[Try it]:
In the listing below, start your output at the line with "(PCR-1E shown with optional casters)" and end it after the line with "140°F to 500°F", copying every line exactly.

[Records for this exercise]:
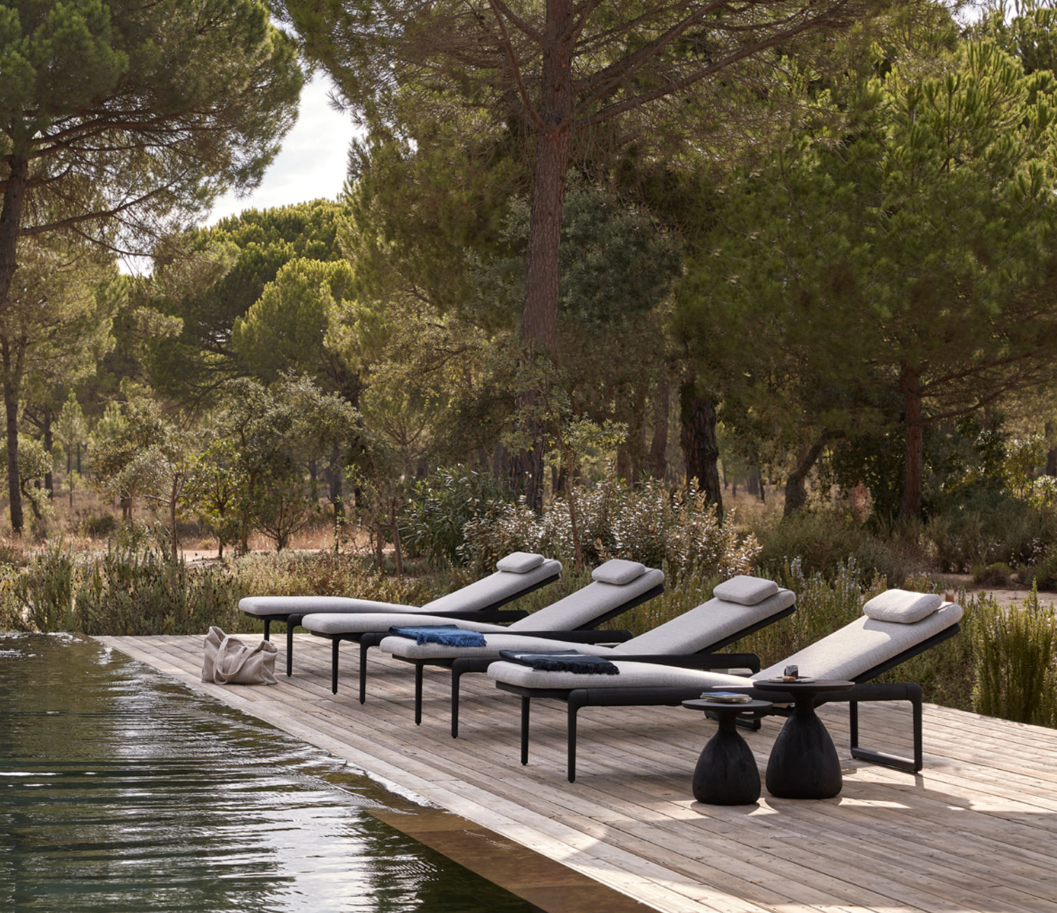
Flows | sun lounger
---
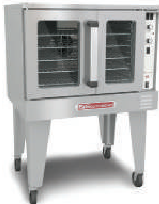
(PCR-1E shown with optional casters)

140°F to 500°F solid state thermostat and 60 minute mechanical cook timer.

[Written reply]:
(PCR-1E shown with optional casters)

140°F to 500°F solid state thermostat and 60 minute mechanical cook timer.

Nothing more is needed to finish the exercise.